Saturday, October 26, 2013

Red Belt

It seemed like just yesterday when she asked if she could take after-school Tae Kwon Do lessons in the schoolyard of her Montessori kindergarten.  Click on the link to coo at the cuteness!


She says she's too old to be called cute any longer.  But, she's still taking Tae Kwon Do lessons with the same instructor, Anton Kasabov.  He doesn't believe in progressing kids through the "junior" belts like some TKD schools so that kids can brag about attaining black belts after 2-3 years.  His students earn the same belts as adults when they master the same standards as adults.

I tried to take a video of this kick so you could hear the kick.  But, the camera and lighting were not good enough to catch this high-speed kick.  Just imagine a very loud and solid THWAP!

A year ago, I watched as he taught her a new move where they run towards a punching bag, kick it forwards, then spin around and kick it from behind with the other leg.  I thought that was an impossible thing to ask of her.  She couldn't do it without falling over.

Yet, the red belt students could do the move.  Some of them were even landing the second kick at the target area on the bag while spinning and not looking.  Fast forward a year, and she can do that, too.  It's a testament to the power of practice and training.

After class, he tied the red belt around her waist.  A fellow student is holding her blue belt with one black stripe.  Anton uses the same belt color system as the dojo he belongs to in Korea.  Her plan is to continue studying with him to earn a black stripe on the red belt (as two of her older classmates have already done) and then the black belt before college.
Anton estimates that about 90% of his beginning students are boys, but the majority of his advanced students are girls.  Where have we seen these lopsided statistics before?  He says most boys simply lose interest when they discover how much work and how long it takes to earn a black belt with him.  One HS-aged male student of Anton's earned a black belt this year, and he is one seriously focused kid (in many aspects of his life).  It's a good peer group.

This video, taken just before her 6th birthday party, always makes me smile.


Like many martial arts instructors in Los Angeles, her teacher also works as an actor.  Enjoy his demo reel.

Friday, October 25, 2013

Visual rhymes and other stuff

No one asked why I care so deeply about the possible sale of DIA's art collection, which I've never even seen in person.
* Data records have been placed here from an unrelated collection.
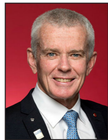
ROBERTS, Senator Malcolm QLD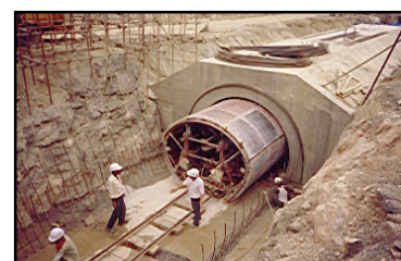
Upper Dam Diversion Culvert Works for Purulia Pumped Storage Project for Taisei at Purulia, W.B.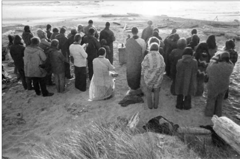
Culminating a Buddha-recitation session at Buddha Root Farm in Oregon, the Master and participants perform the Great Transference of merit on the shores of the Pacific at Sunset.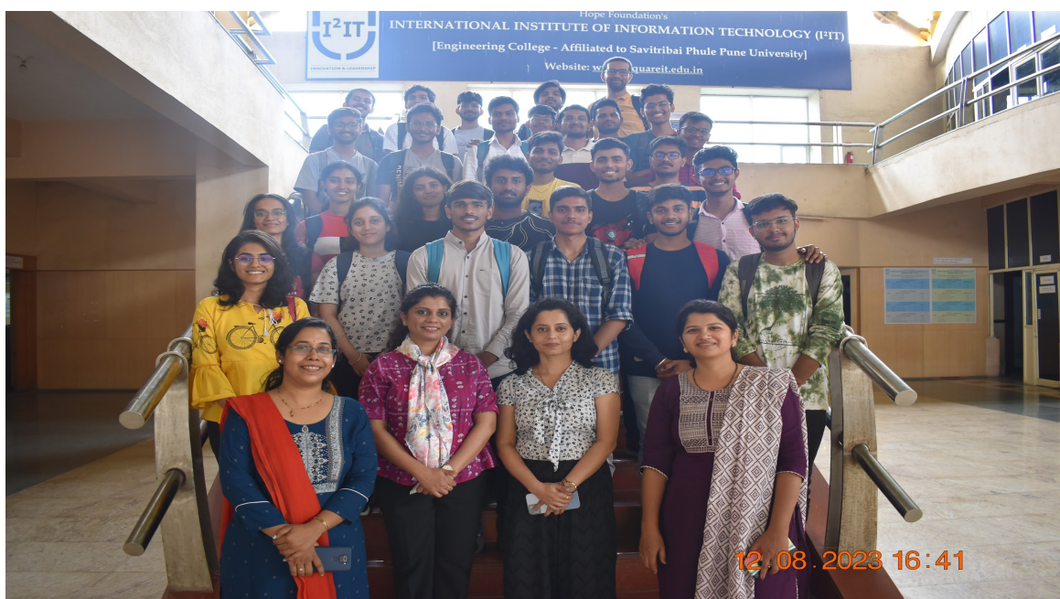
Group photo with participants, event Coordinator and Speaker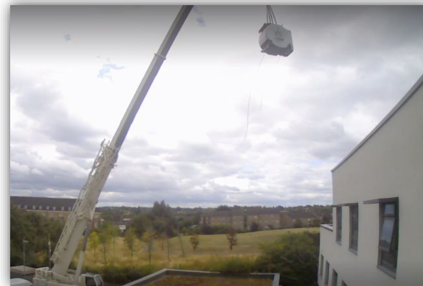
MRI 1 installation, August 2022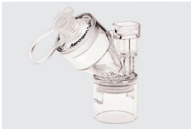
The Aerogen Solo Nebulizer is suitable for solutions, suspensions, proteins and peptides.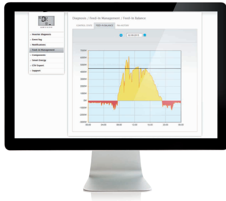
Feed-in management - feed balance: The times when there was a grid feed and when electricity was purchased from the grid can be seen at a glance in this graph. Negative (red) values indicate that electricity was purchased from the grid and positive (yellow) values that there was grid feed.

When used with the Solar-Log WEB Enerest™ XL and either the SCB or SMB, the Solar-Log 2000 monitors every single string, ensuring the most complete and secure monitoring for large-scale PV plants with exact error identification and localization.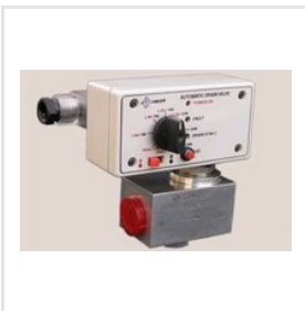
Automatic Drain Valves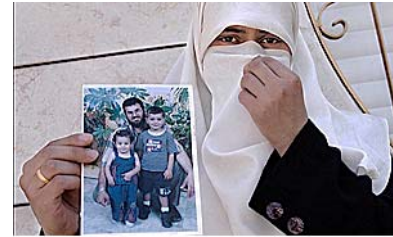
Family of a suicide bomber

Mithaq al-sharaf is the formal code of honor between Palestinian clan members. Although once an oral tradition, today it can be a lengthy legal document. 209 This social contract involves a pledge of loyalty to the clan and a willingness to defend any clan member. An attack against one clan member is an attack on all clan members. 210 This mutual defense mechanism serves as a deterrent to the blood feuds in Palestine. 211, 212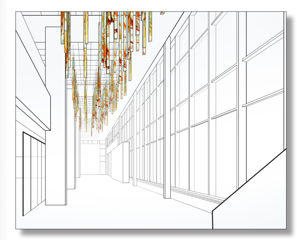
CUSTOM ARRANGEMENT OF SUSPENDED ACRYLIC ICICLES OVERALL FOOTPRINT: 111 ICICLES TOTAL

My experience as a painter and printer of monotypes and monoprints has informed my non-traditional approach to using layered imagery digitally. It has felt like a logical transition, one I had spent years preparing for without even knowing it. Creating art digitally has opened up new opportunities for working on translucent substrates. The role of light, both transmitted and reflected, on glass and acrylic created another welcome artistic experience. The magical effect of light changes the art on these substrates throughout the day in every environment. Equally important has been the issue of scale. To produce art that can be scaled up to very large proportions is something an artist working on paper or canvas could never do. Similarly, the capacity to crop out sections of an artwork has allowed me to see composition in a new way. The parts that make up the whole are often as interesting as the original piece.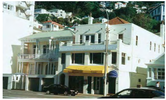
Predominance of light exterior colours, variety of external materials

Buildings along Oriental Parade use a variety of external materials ranging from weatherboard cladding and corrugated iron to concrete, plaster finish and roof tiles. Despite the variety of cladding materials, the area as a whole is characterised by predominantly light exterior colours.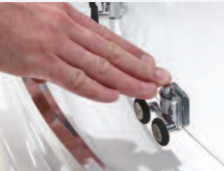
QUICK RELEASE DOUBLE ROLLERS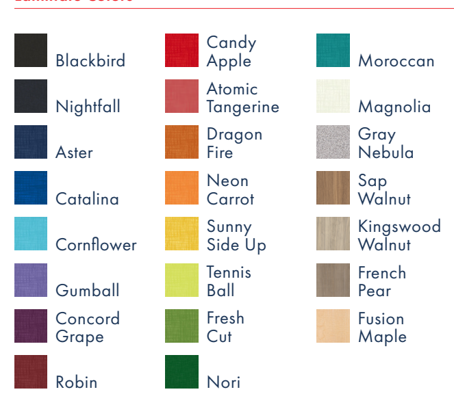
Table and Laminate Desk orders meeting minimum volume quantities have the option of any standard WilsonArt Laminate finish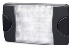
Reverse light (Lens appears clear until lit) 2ZR 017 008-201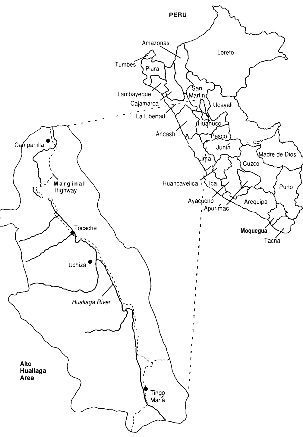
Figure 3-3-Location of Proyecto Especial Alto Huallaga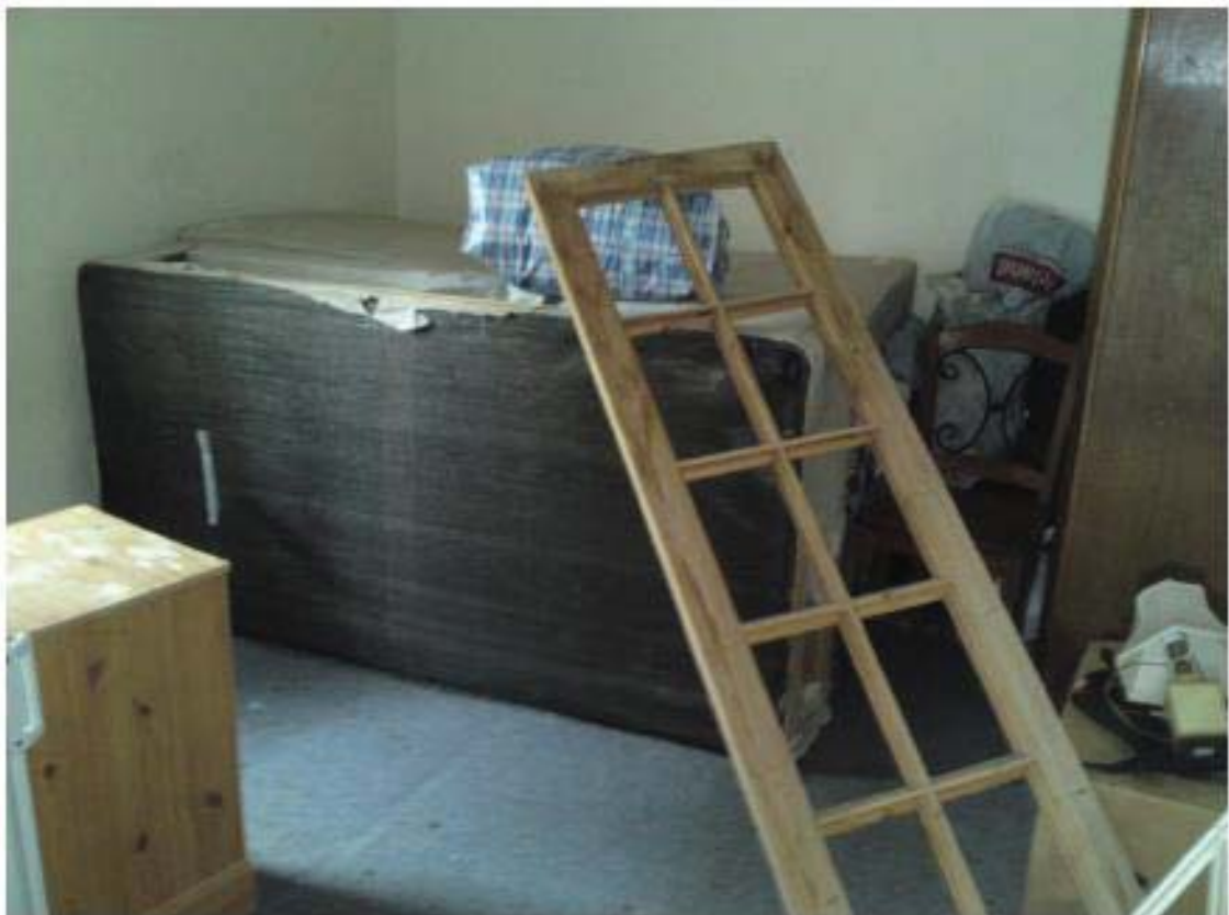
Inside garage/store 2

But I feel like it is important to explain what art is worth beyond price.

In high school, I visited the San Francisco Museum of Modern Art (SFMOMA) with an art teacher.  We didn't have enough time in the galleries for all the things I wanted to explore so I went back later on my own.

Museum gallery admissions can get prohibitively expensive so I shelled out for a student annual membership so I could stop by any time I like without incurring additional expense.  Pretty soon, the museum became a third place, a home away from home.

I was already aware of Henri Matisse and spent quite a bit of time standing and sitting in front of The Girl with the Green Eyes and comparing it to Woman in a Hat. In the days before "color correctors" were sold in drugstores, I had never thought about greenish undertones in skin before. Then I noticed it everywhere.
But the value of a permanent collection goes beyond big name artists. I would never have heard about Max Beckman if I hadn't seen Woman at her Toilette.
When I looked across the gallery, I saw Landscape, Cannes and recognized the arms in the palm tree trunks.

Even though I don't live in San Francisco any longer, I enjoy revisiting the permanent collection.  They are a part of my youth; they belong to me in a deeply personal way.  While walking and looking in those galleries, I honed an ability to .see.

I simply cannot stand by and let the children of Detroit be robbed of their patrimony.   A lifelong relationship to art is not easily valued on a spreadsheet.  But it has value and meaning.